Ausgang: Revision hatte Erfolg; Berufungsurteil aufgehoben und zur neuen Verhandlung an andere Strafkammer zurückverwiesen.
Abstrakte Rechtssätze
Bei der Prüfung des Rechtfertigungsgrundes des § 193 StGB ist eine einzelfallbezogene Güterabwägung zwischen dem Ehrschutz des Betroffenen und der durch Art. 5 GG geschützten Meinungsfreiheit vorzunehmen; bei Strafanzeigen ist zudem das Recht des Anzeigeerstatters auf freie Entfaltung der Persönlichkeit unter Berücksichtigung des Rechtsstaatsprinzips einzustellen.
Die Erstattung einer Strafanzeige ist grundsätzlich als Wahrnehmung berechtigter Interessen im Sinne des § 193 StGB geschützt; das öffentliche Interesse an der Aufklärung von Straftaten muss nicht das alleinige Motiv des Anzeigeerstatters sein.
Der Schutz des § 193 StGB entfällt bei bewusst unwahren oder leichtfertig aufgestellten unwahren Tatsachenbehauptungen; Leichtfertigkeit setzt voraus, dass der Täter bei gewissenhafter, möglicher und zumutbarer Prüfung die Unzulänglichkeit oder Unzuverlässigkeit seiner Tatsachengrundlage hätte erkennen müssen.
An eine Strafanzeige gerichtete ehrverletzende Äußerungen unterliegen regelmäßig nur einer eingeschränkten Prüfungspflicht des Anzeigeerstatters; erhöhte Informations- und Prüfungspflichten treffen dagegen insbesondere denjenigen, der schwere Vorwürfe an die Öffentlichkeit trägt.
Das Tatgericht muss rechtserhebliche Feststellungen, die für die Versagung des § 193 StGB maßgeblich sind, aus dem Ergebnis der Beweisaufnahme nachvollziehbar herleiten; bleibt der Inhalt der ehrverletzenden Äußerung und die Tatsachengrundlage unzureichend festgestellt, trägt das Urteil eine Verurteilung nach § 186 StGB nicht.
Tenor
Das angefochtene Urteil wird mit seinen Feststellungen aufgehoben.
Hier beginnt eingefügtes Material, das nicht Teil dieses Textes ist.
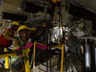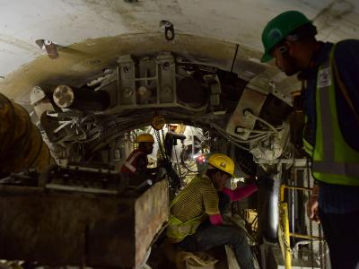 कुलाबा-वांद्रे-सीप्झ या मेट्रो-3 मार्गिकेतील सर्वात महत्त्वाचे आणि आव्हानात्मक असलेले मिठी नदीच्या खालून करण्यात येत असलेले भुयारीकरणाचे काम मुंबई मेट्रो रेल कॉर्पोरेशनतर्फे (एमएमआरसी) सुरू असून आता पूर्ण होण्याच्या मार्गावर आहे. (सर्व फोटो - दत्ता खेडेकर)
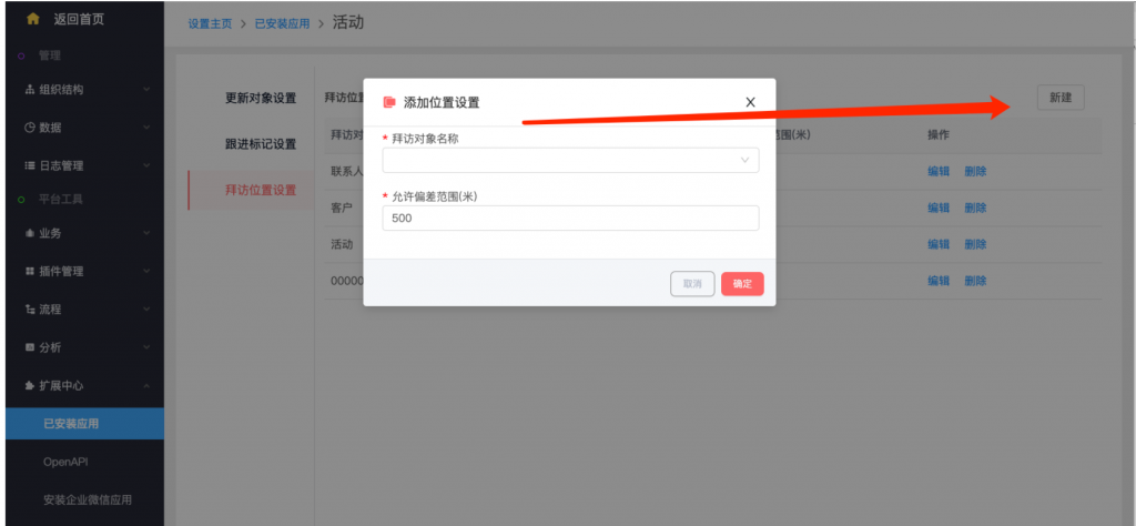 - 系統(tǒng)設(shè)置——擴(kuò)展中心——已安裝應(yīng)用——活動(dòng),增加了“拜訪位置設(shè)置”。新建拜訪位置設(shè)置,選擇拜訪對(duì)象、設(shè)置參考字段并設(shè)置允許偏差范圍
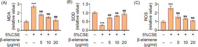 Figure 2 β-elemene can alleviate cigarette smoke-evoked oxidative stress. Groups were separated as follows: control, 5% CSE, 5% CSE+β-elemene (5 μg/mL), 5% CSE+β-elemene (10 μg/mL), and 5% CSE+β-elemene (20 μg/mL) groups. (A) The MDA level was assessed through MDA kit. (B) The SOD level was tested through SOD kit. (C) The ROS level was examined through ROS kit. ***P < 0.001 versus the control group; $$$P < 0.001 versus the 5% CSE group.
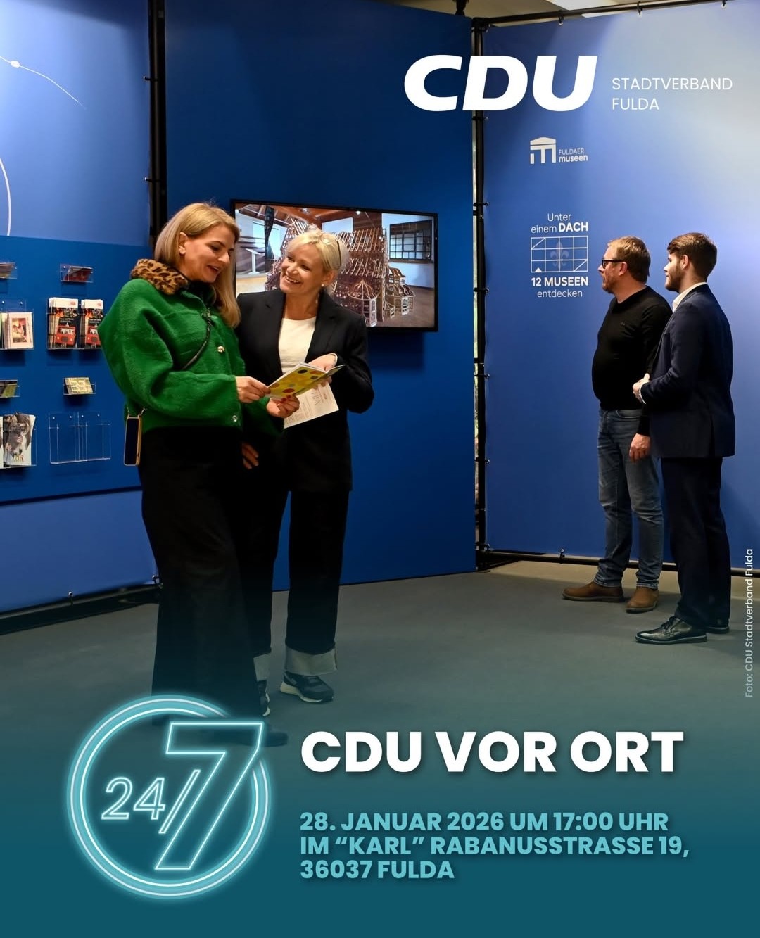 Der Arbeitskreis Schule, Kultur und Sport der CDU-Stadtverordnetenfraktion lädt alle interessierten Bürgerinnen und Bürger am Mittwoch, 28. Januar um 17 Uhr in das Konzepthaus KARL in Fulda herzlich ein. Dabei geht es um den Besuch und die Erläuterung der Ausstellung „Unter einem Dach - 12 Museen entdecken“.
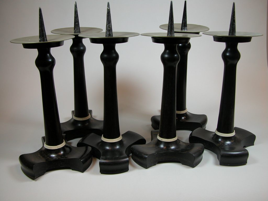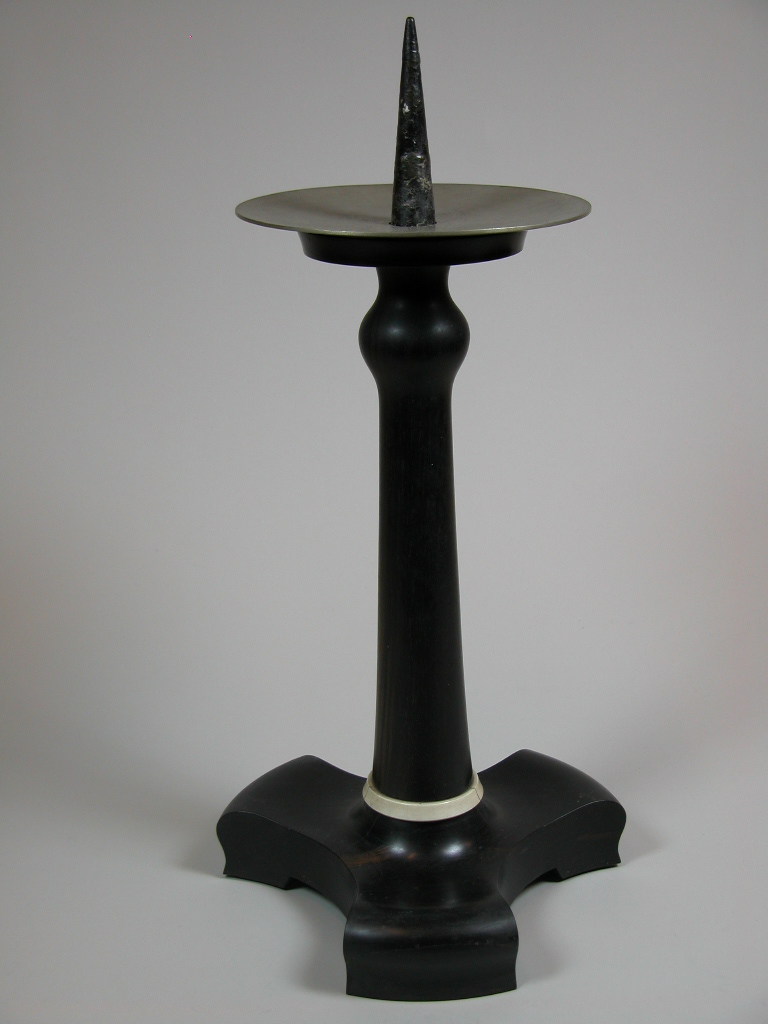 Houten kandelaar op ingezwenkte driepoot met ivoren ring, met metalen vetvanger
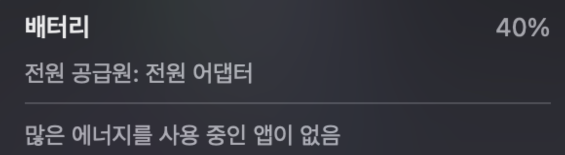 맥북 프로 M1(2020) 연결 시 충전 속도 (당시 배터리 40%)
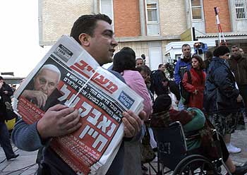 A man carries a bundle of Israeli newspapers featuring a picture of Israeli Prime Minister Ariel Sharon and the headline "Struggle for his Life" on the front page, outside Hadassah hospital in Jerusalem yesterday. (Photo: Gali Tibbon / AFP-Getty Images) |
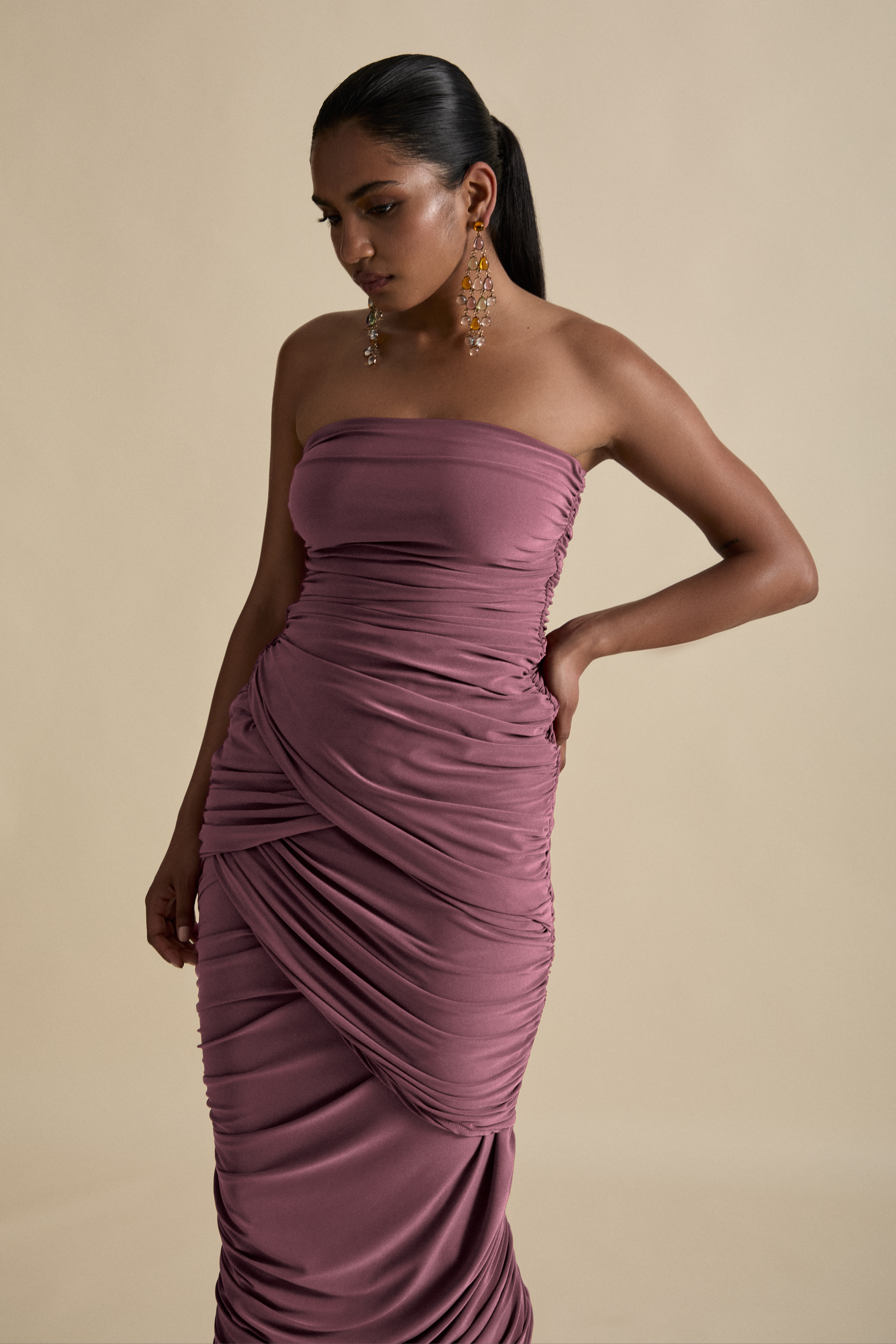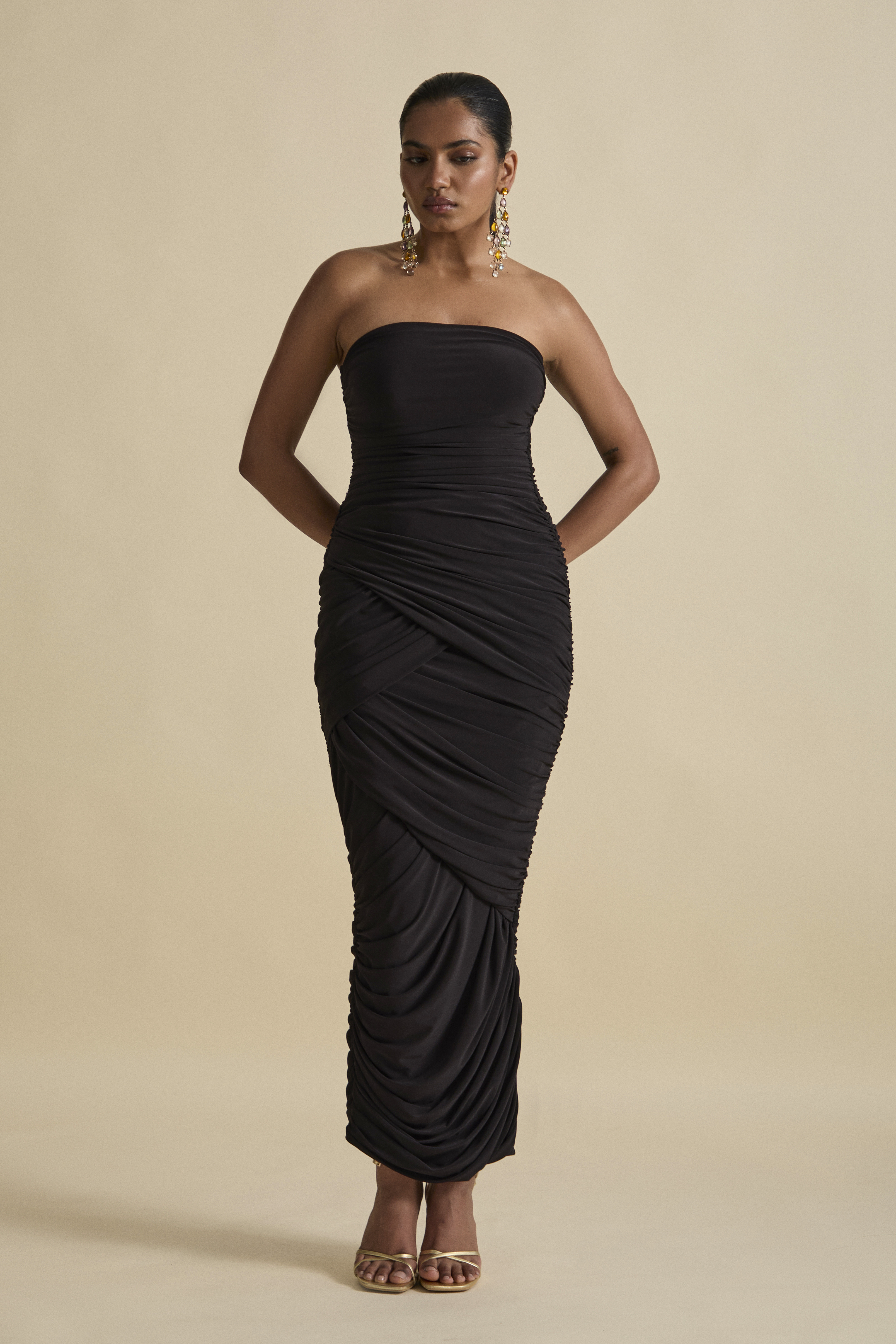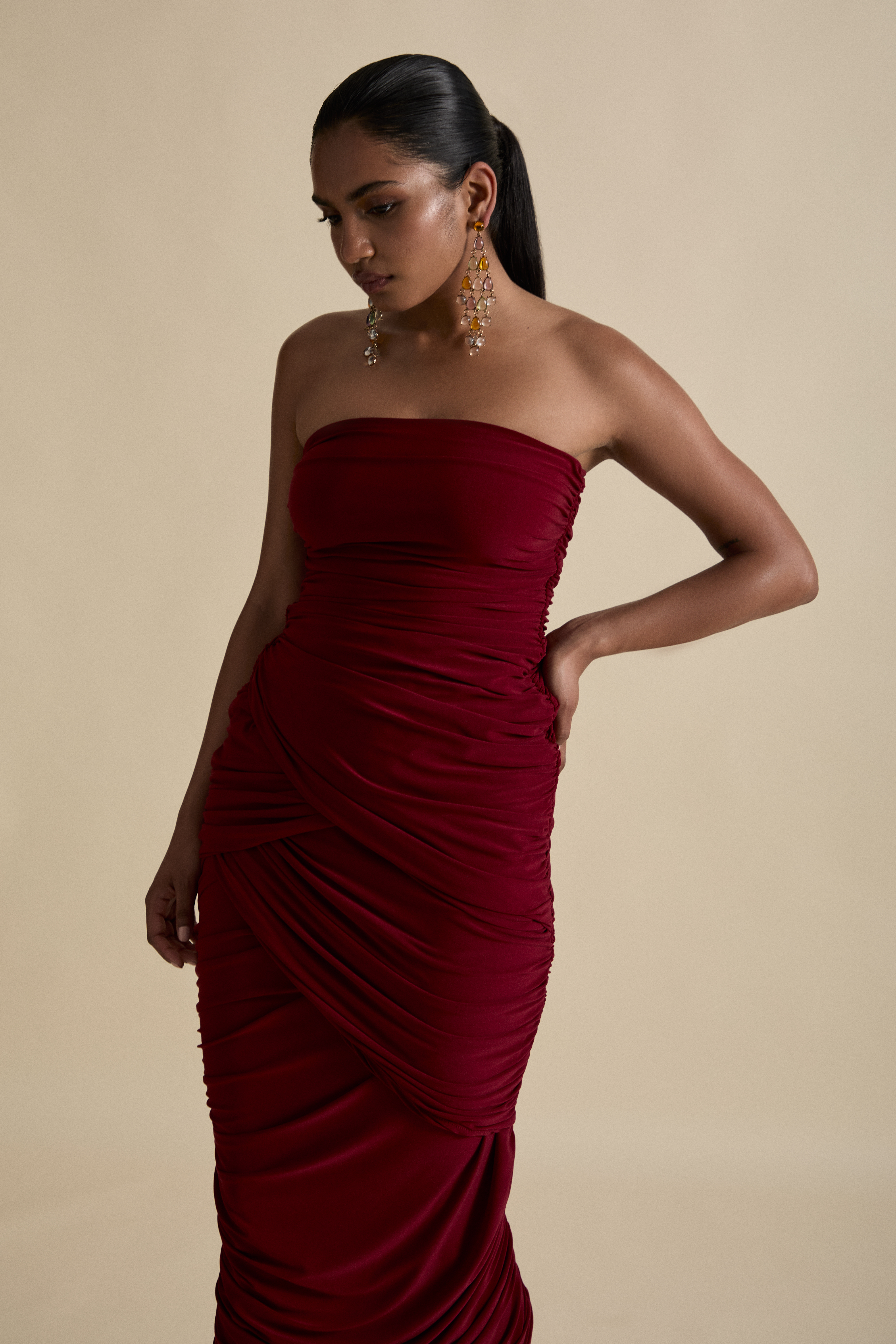 Constructed in locally sourced, premium stretch drape jersey for defined luxury evening wear.
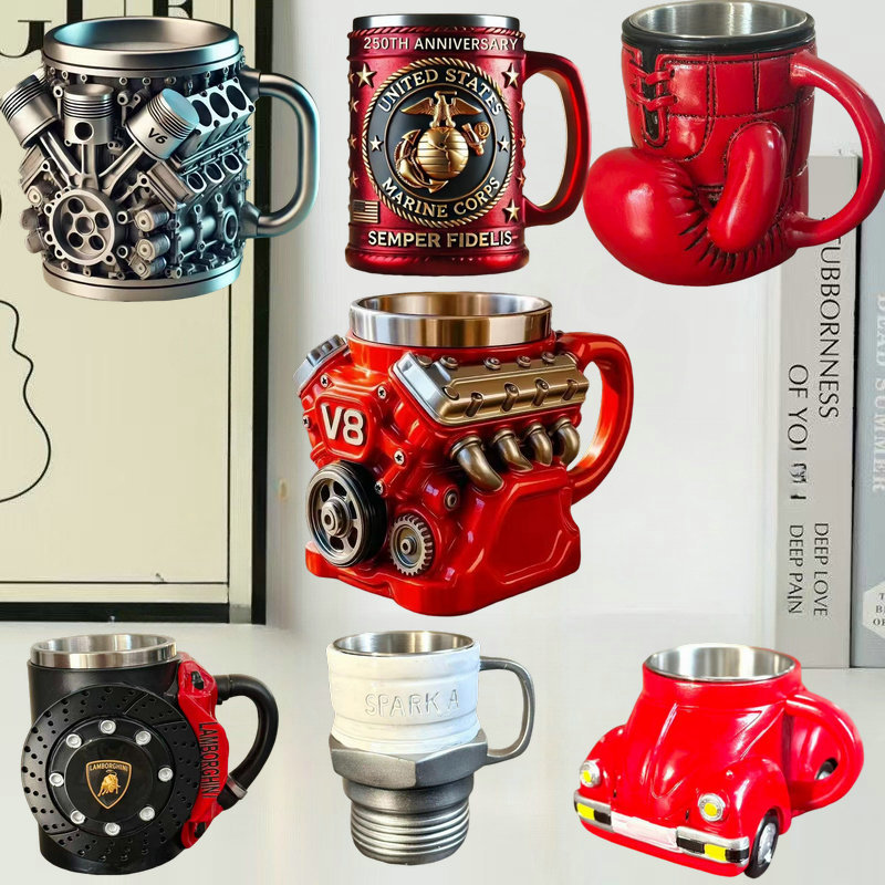 跨境新品V8 Engine Stainless Steel 3D MugV6发动机树脂杯子
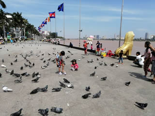 2010年11月22日、水祭り最終日の夜にはダイヤモンド島と本土を結ぶ橋の上で観客が折り重なって将棋倒しとなり347人が死亡する事故が発生し、フン・セン首相が「ポル・ポト以来最悪の事態」と語ったとか。 ひったくりやスリも多いようで、去年は日本大使館から日本人は現場に近づかないように通達が回るほどでした。 29日に現場に行ってみた所、今年は何の準備もされておらず川面は寂しかったですが、川沿いの公園では出店や物売り、ガイドの押し売りなども出ていて家族連れや友人グループなどでにぎわっていました。
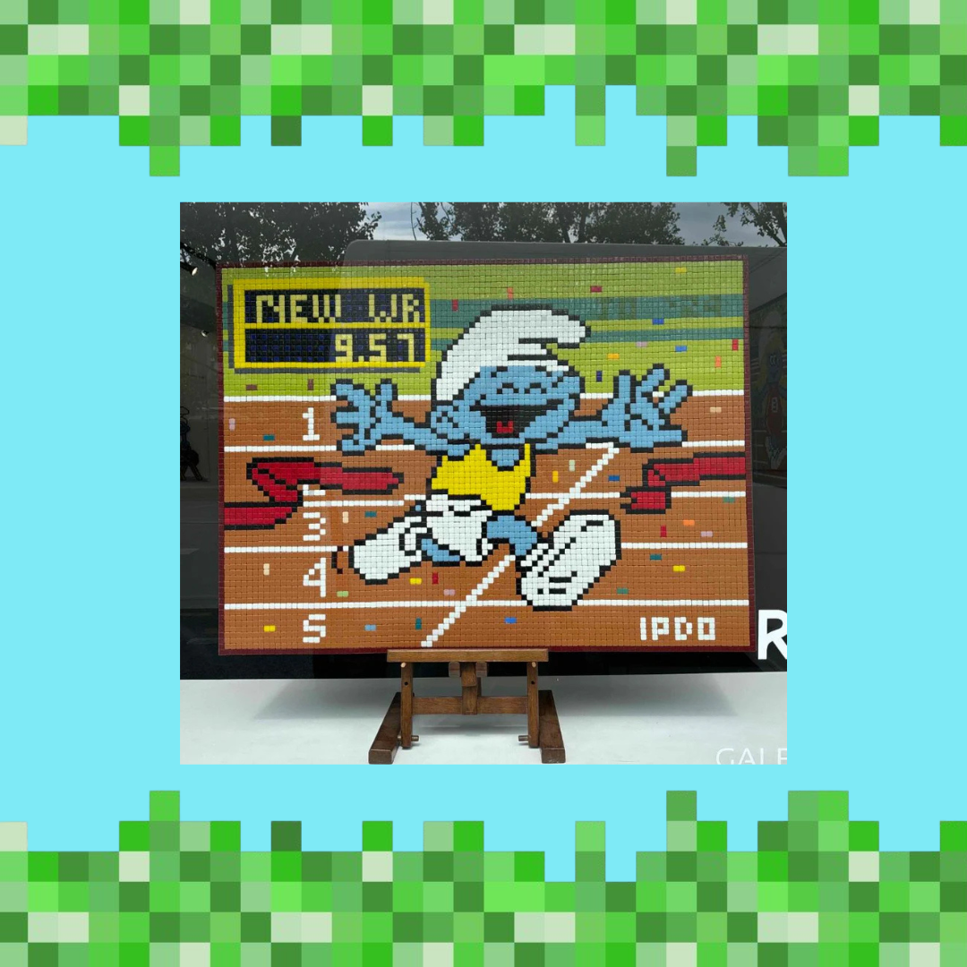 Mosaïque sur support bois Valchromat noir, 113x83 cm, composée de carreaux de mini pâtes de verre Espagnol 1,2x1,2 cm, exemplaire unique réalisé pour les JOP Paris 2024
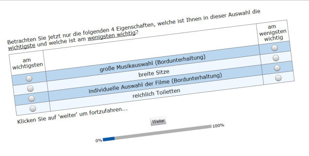 MaxDiff-Studie mit n=154 Teilnehmern. Die ersten Online Ergebnisse sind ist für den Kunden
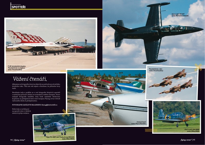 Neváhejte tedy a podělte se o své fotografie létajících aparátů s ostatními příznivci létání na stránkách našeho časopisu. Autor nejlepší fotografie každého čísla bude odměněn dárkovým kupónem na předplatné šesti čísel časopisu Flying revue včetně vybraného dárku k předplatnému.
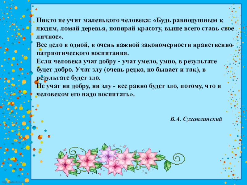Никто не учит маленького человека: «Будь равнодушным к людям, ломай деревья, попирай красоту, выше всего ставь свое личное». Все дело в одной, в очень важной закономерности нравственно-патриотического воспитания.            Если человека учат добру - учат умело, умно, в результате будет добро. Учат злу

Die Sache wird zu neuer Verhandlung und Entscheidung, auch über die Kosten der Revision, an eine andere Strafkammer des Landgerichts Köln zurückverwiesen.
Gründe
Das Amtsgericht hat die Angeklagte wegen übler Nachrede (§ 186 StGB) zu einer Geldstrafe von 30 Tagessätzen zu je 80,-- DM verurteilt. Die dagegen eingelegte Berufung hat das Landgericht als unbegründet verworfen.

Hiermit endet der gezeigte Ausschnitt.